### Excerpted records
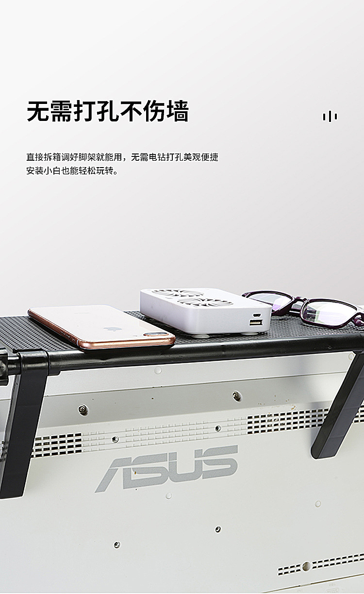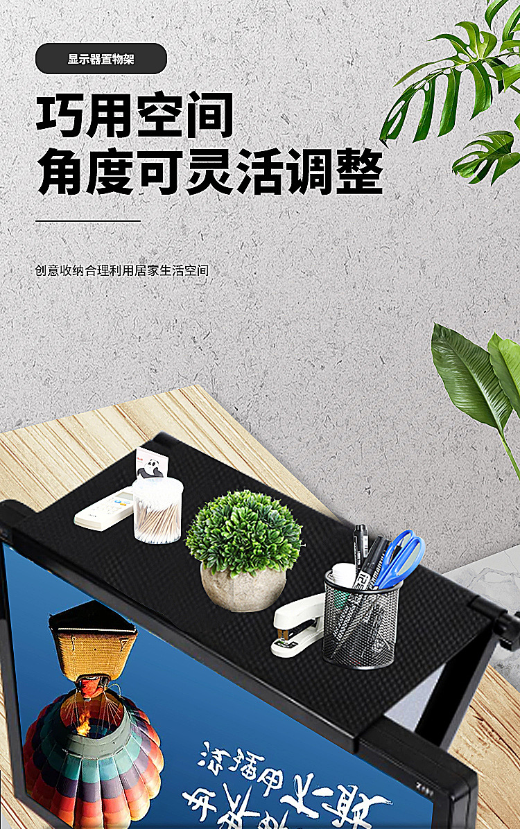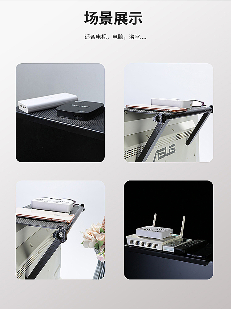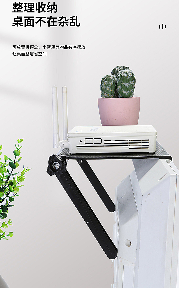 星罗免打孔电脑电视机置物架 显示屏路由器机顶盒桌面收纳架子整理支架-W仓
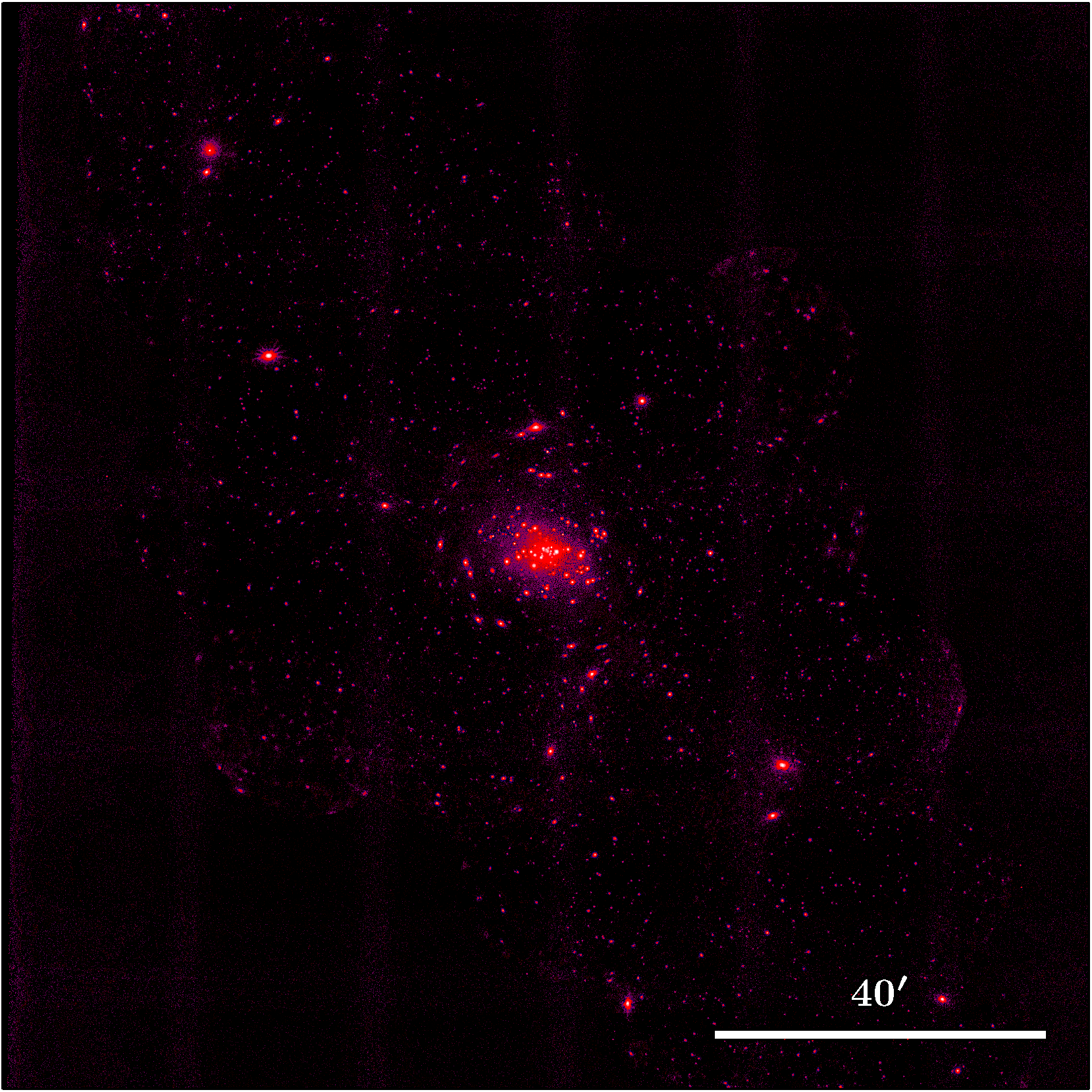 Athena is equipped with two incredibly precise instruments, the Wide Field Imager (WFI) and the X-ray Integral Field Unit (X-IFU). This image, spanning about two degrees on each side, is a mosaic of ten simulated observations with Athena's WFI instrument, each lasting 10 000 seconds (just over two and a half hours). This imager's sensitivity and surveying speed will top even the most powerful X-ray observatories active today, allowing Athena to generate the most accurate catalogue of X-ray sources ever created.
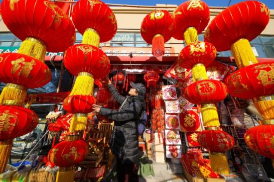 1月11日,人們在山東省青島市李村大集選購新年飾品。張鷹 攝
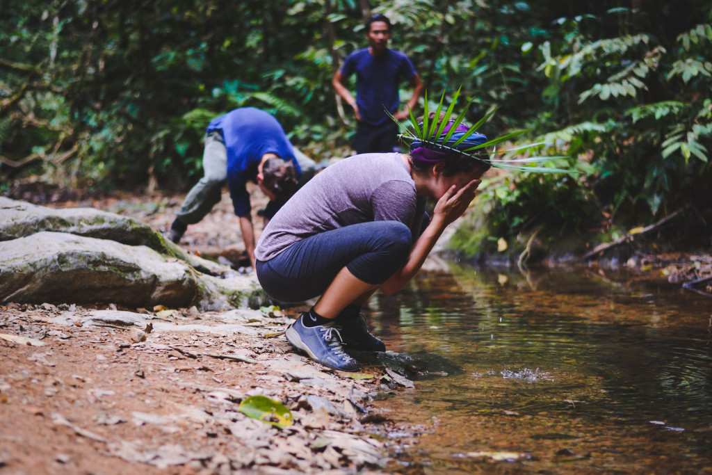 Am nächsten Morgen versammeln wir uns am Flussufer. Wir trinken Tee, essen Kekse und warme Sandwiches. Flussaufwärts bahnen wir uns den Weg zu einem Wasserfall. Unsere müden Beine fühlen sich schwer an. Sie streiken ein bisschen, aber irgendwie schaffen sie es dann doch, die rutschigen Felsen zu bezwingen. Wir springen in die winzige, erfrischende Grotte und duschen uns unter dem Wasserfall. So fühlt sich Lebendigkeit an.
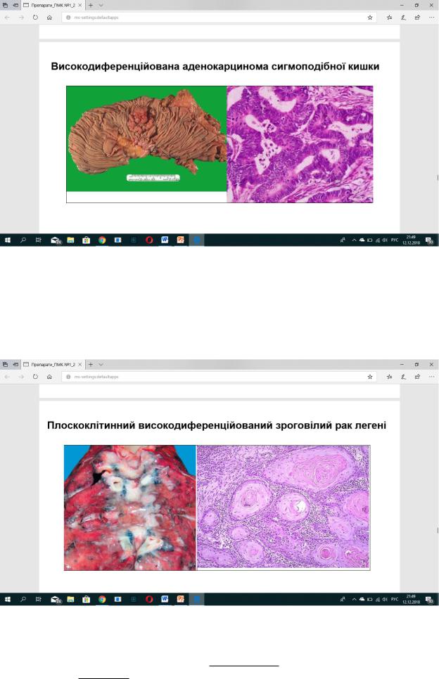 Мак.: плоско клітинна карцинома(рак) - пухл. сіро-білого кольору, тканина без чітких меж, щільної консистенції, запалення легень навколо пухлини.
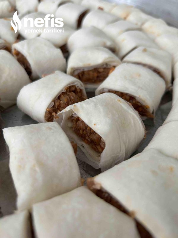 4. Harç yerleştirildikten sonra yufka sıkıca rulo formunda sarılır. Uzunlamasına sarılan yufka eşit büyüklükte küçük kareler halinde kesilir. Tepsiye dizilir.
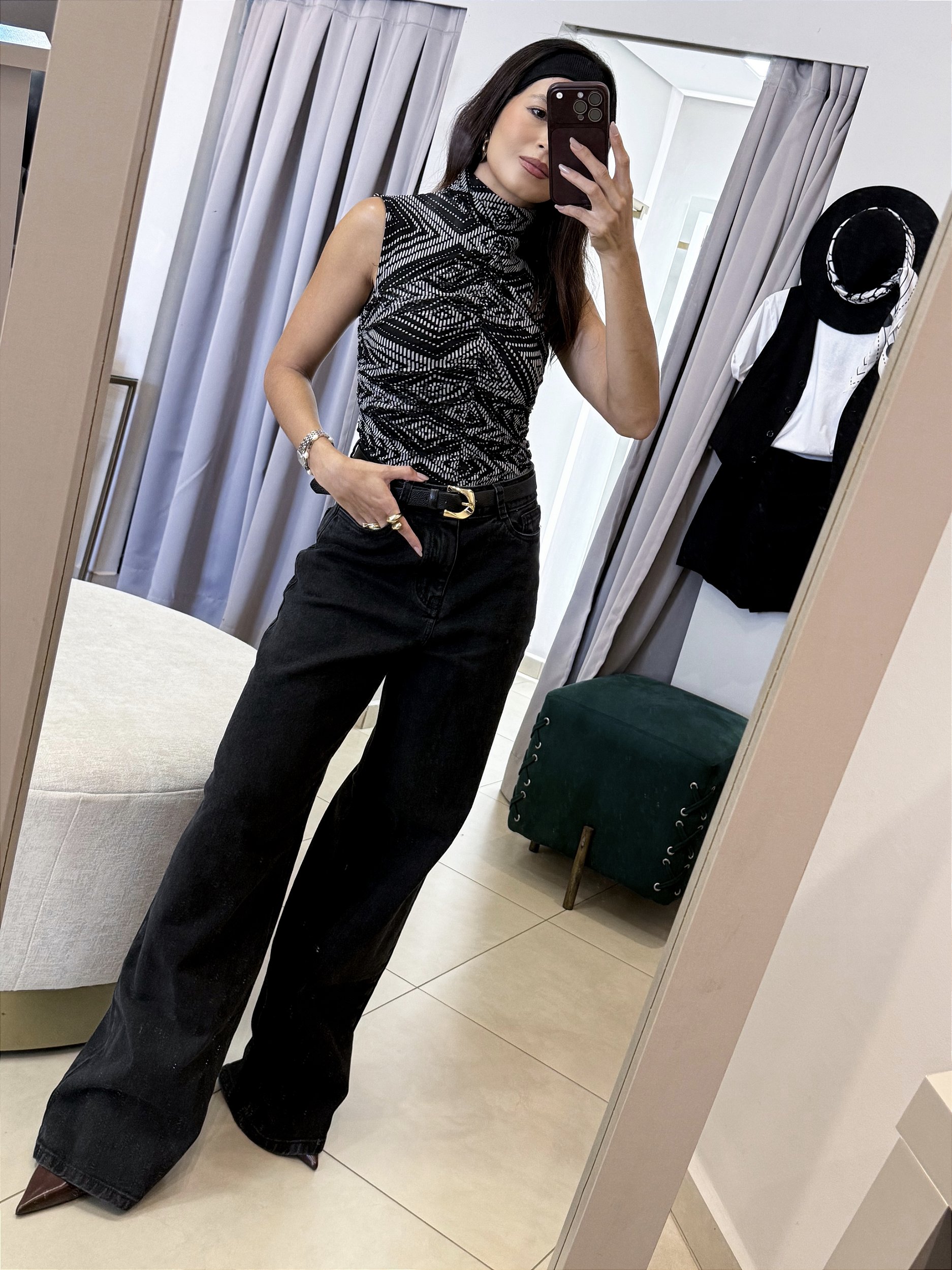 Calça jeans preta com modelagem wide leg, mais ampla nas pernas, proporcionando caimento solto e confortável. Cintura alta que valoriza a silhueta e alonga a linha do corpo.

### Instructions to follow
Skip the pictures and write out exactly the lines from the line containing "1月11日,人們在山東省青島市李村大集選購新年飾品。張鷹 攝" through the end of the listing above.

### Answer box
 1月11日,人們在山東省青島市李村大集選購新年飾品。張鷹 攝
 Am nächsten Morgen versammeln wir uns am Flussufer. Wir trinken Tee, essen Kekse und warme Sandwiches. Flussaufwärts bahnen wir uns den Weg zu einem Wasserfall. Unsere müden Beine fühlen sich schwer an. Sie streiken ein bisschen, aber irgendwie schaffen sie es dann doch, die rutschigen Felsen zu bezwingen. Wir springen in die winzige, erfrischende Grotte und duschen uns unter dem Wasserfall. So fühlt sich Lebendigkeit an.
 Мак.: плоско клітинна карцинома(рак) - пухл. сіро-білого кольору, тканина без чітких меж, щільної консистенції, запалення легень навколо пухлини.
 4. Harç yerleştirildikten sonra yufka sıkıca rulo formunda sarılır. Uzunlamasına sarılan yufka eşit büyüklükte küçük kareler halinde kesilir. Tepsiye dizilir.
 Calça jeans preta com modelagem wide leg, mais ampla nas pernas, proporcionando caimento solto e confortável. Cintura alta que valoriza a silhueta e alonga a linha do corpo.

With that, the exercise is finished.